DATA SEGMENT: Begin
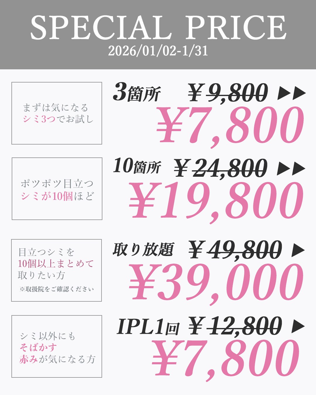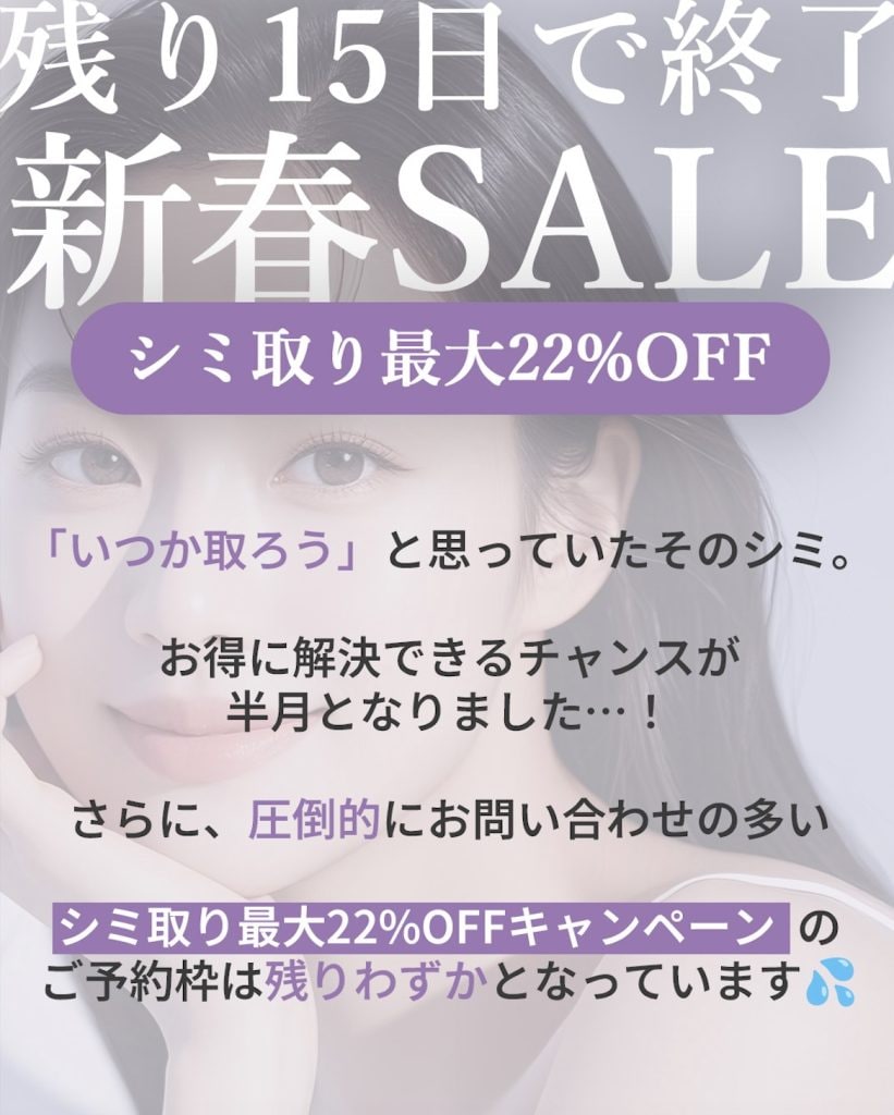 【残り15日⚠️】新春SALE限定《シミ取り22%OFF》の予約枠が埋まり始めています🚨▶︎
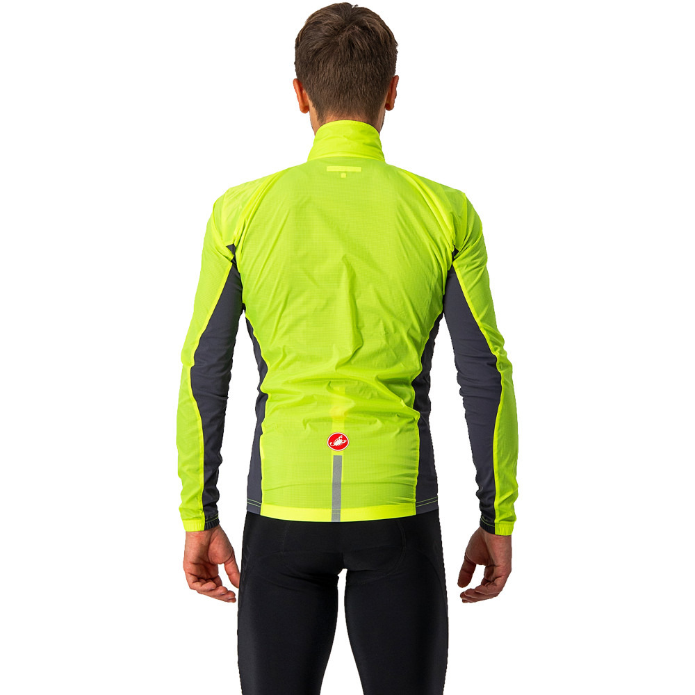 Castelli Squadra Stretch to kurtka przeciwwiatrowa i przeciwdeszczowa, która świetnie sprawdzi się jako zabezpieczenie przed lekkim deszczem podczas treningu. Kompaktowe rozmiary po złożeniu pozwalają na schowanie kurtki do tylnej kieszonki. Boczne panele wykonano z elastycznego materiału w celu poprawy wentylacji oraz lepszego dopasowania. Kurtka jest wyposażona w zamek Camlok oraz elementy odblaskowe.
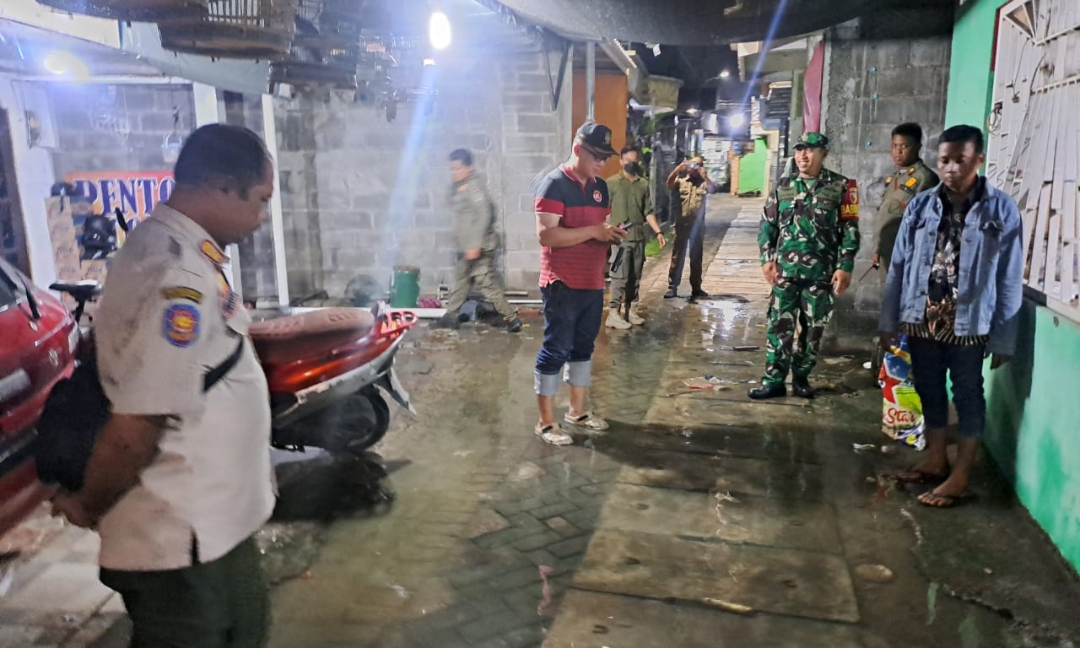 Surabaya, | RADARJATIM .CO. – Guna mengantisipasi curah hujan yang tinggi dalam waktu terakhir, Tiga Pilar (TNI, Polri, dan Pemerintah) Kecamatan Benowo melaksanakan Pemantauan dan patroli diwilayah Kelurahan Romokalisari akibat Luapan Sungai Lamong yang mengakibatkan DK.Gendong RT.01 dan RT.02 RW.03 mengalami genangan kurang lebih 15 cm di sekitaran jalan masuk gang DK.Gendong Kelurahan Romokalisari, Selasa (20/2) malam.
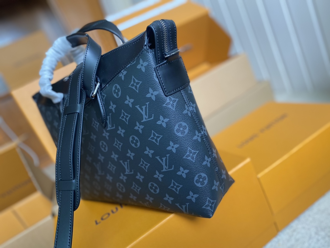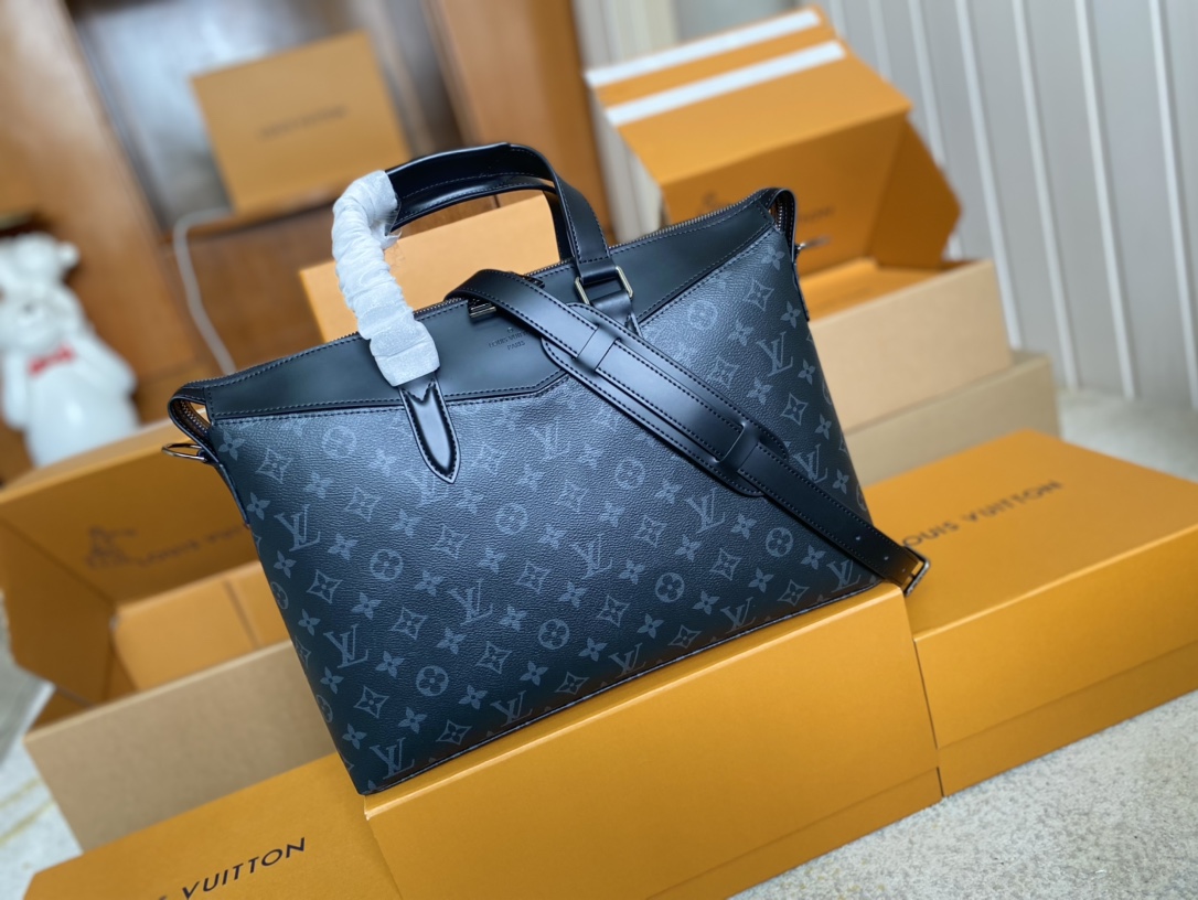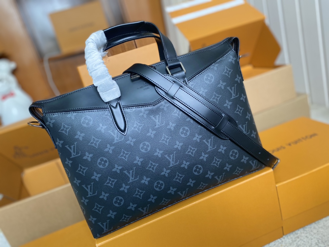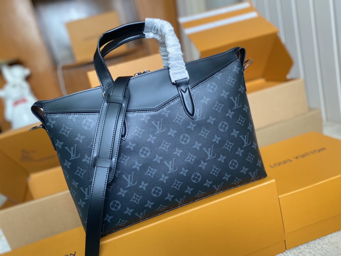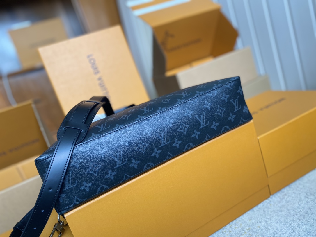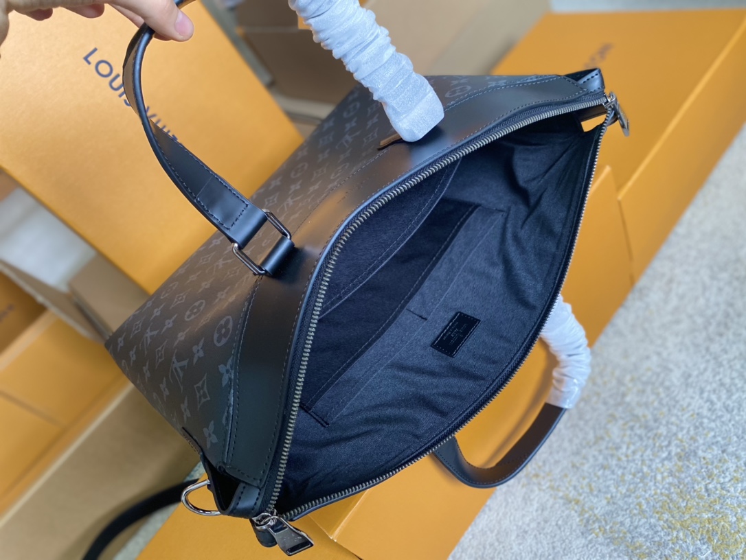 顶级原单 M40566✨ 为办公场所注入成熟气息,此款现代公文包以硬朗的Monogram Eclipse 帆布与独特的设计细节展现令人愉悦的商务风格。宽敞的包内隔层,色泽更深、更为现代的标志性Monogram花纹。 详细特征
DATA SEGMENT: End
▶ [YOUR OBJECTIVE]:
Where a picture appears in the data, omit it; restate the rest word for word.

▶ [PROBLEM SOLUTION]:
 【残り15日⚠️】新春SALE限定《シミ取り22%OFF》の予約枠が埋まり始めています🚨▶︎
 Castelli Squadra Stretch to kurtka przeciwwiatrowa i przeciwdeszczowa, która świetnie sprawdzi się jako zabezpieczenie przed lekkim deszczem podczas treningu. Kompaktowe rozmiary po złożeniu pozwalają na schowanie kurtki do tylnej kieszonki. Boczne panele wykonano z elastycznego materiału w celu poprawy wentylacji oraz lepszego dopasowania. Kurtka jest wyposażona w zamek Camlok oraz elementy odblaskowe.
 Surabaya, | RADARJATIM .CO. – Guna mengantisipasi curah hujan yang tinggi dalam waktu terakhir, Tiga Pilar (TNI, Polri, dan Pemerintah) Kecamatan Benowo melaksanakan Pemantauan dan patroli diwilayah Kelurahan Romokalisari akibat Luapan Sungai Lamong yang mengakibatkan DK.Gendong RT.01 dan RT.02 RW.03 mengalami genangan kurang lebih 15 cm di sekitaran jalan masuk gang DK.Gendong Kelurahan Romokalisari, Selasa (20/2) malam.
 顶级原单 M40566✨ 为办公场所注入成熟气息,此款现代公文包以硬朗的Monogram Eclipse 帆布与独特的设计细节展现令人愉悦的商务风格。宽敞的包内隔层,色泽更深、更为现代的标志性Monogram花纹。 详细特征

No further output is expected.